CG0909_Security
CG0909_Security
CG0909_Security
CG0909_Security
CG0909_Security

Creating a Safety and Security Culture

Sept. 2, 2009
The Process Manufacturing Industries Are Inherently Dangerous. Accident Still Happen, Plants Blow Up, and People Get Injured
This article was printed in CONTROL's September 2009 edition.
By Walt Boyes, Editor in chief

We know now that despite all the work that many people have done on functional safety and functional security, we are still having accidents, plants are blowing up, and people are being injured and dying.   I admit that part of it—but only a tiny part—is the fact that the process manufacturing industries are inherently dangerous.

Whirling robots and whizzing assembly lines in discrete manufacturing can be dangerous too, but the safety record in those industries is far better than is ours in the process industries.

Why is that?

There are a number of reasons, but the overarching one is that in the process industries we have not yet managed to achieve the creation of functional safety cultures—and we have yet to even begin to create functional security cultures in our plants.

What's a functional safety culture? It is a culture that starts at the top. It must start there. There's an old Yiddish proverb that "a fish stinks from the head down." Executive management must decide, as Dow Chemical's Levi Leathers and his counterpart at DuPont did in the 1960s, that a safe plant was a more profitable plant. This can be proven to be true, if you use the right metrics.

The usual reaction, as I have said before, is to lay off the risk on insurance companies, rather than spend the money on training and best practices. That practice is beginning to become frayed as the cost of manpower goes up, and the need to protect the human intellectual property of the workforce increases. It isn't getting easier to write off human lives as insurable assets.

[pullquote]But even though it is becoming harder to resort to "business as usual" or "that's they way we've always don it," it still hasn't penetrated the halls of power, the insurance companies or Wall Street that companies who protect and nurture their personnel are guaranteed to be more profitable over any reasonably long baseline than companies who treat their people as expendable human resources. Maybe we ought to change the name of the department back to "personnel," so that everybody would know that they are the "department of people."

Once the people at the top get it, they make sure it trickles down to the plant management and line management, and they make sure that the culture is changed and that the plant has functional safety.

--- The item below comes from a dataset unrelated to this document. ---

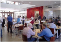 ▲名門スタンフォード大学の研究室から会議室、食堂など863台のテーブルで採用された「テーブル昇降脚」。シリコンバレーにある大学らしくスタイリッシュなデザインと機能が評価された。

Functional security will work the same way. Functional safety and security are so similar in organizational structure and in management emphasis that cultures can be created in the process industries that produce safe and secure plants and maintain them as a matter of course.

Will having cultures of functional safety and security in our plants prevent all accidents and all injuries and fatalities? Accidents happen, no matter how hard we try to prevent them, so we probably—in fact surely—will never be able to prevent all of them. But actively and proactively working within a culture of functional safety and security will prevent many of those accidents and mitigate the rest.

Simply trying to prevent lost time incidents and relying on a low incidence of workplace injuries isn't inculcating a culture of functional safety and security either. Workplace safety is allied with, but different from, process safety and security. Not only should people not climb on ladders in unsafe places; they should also not operate processes in unsafe ways.

Interestingly, in the discrete manufacturing industries, the labor unions get the credit for pursuing the safety culture and demanding that managements instill it in all their plants. It may be that the process industries missed something up to now.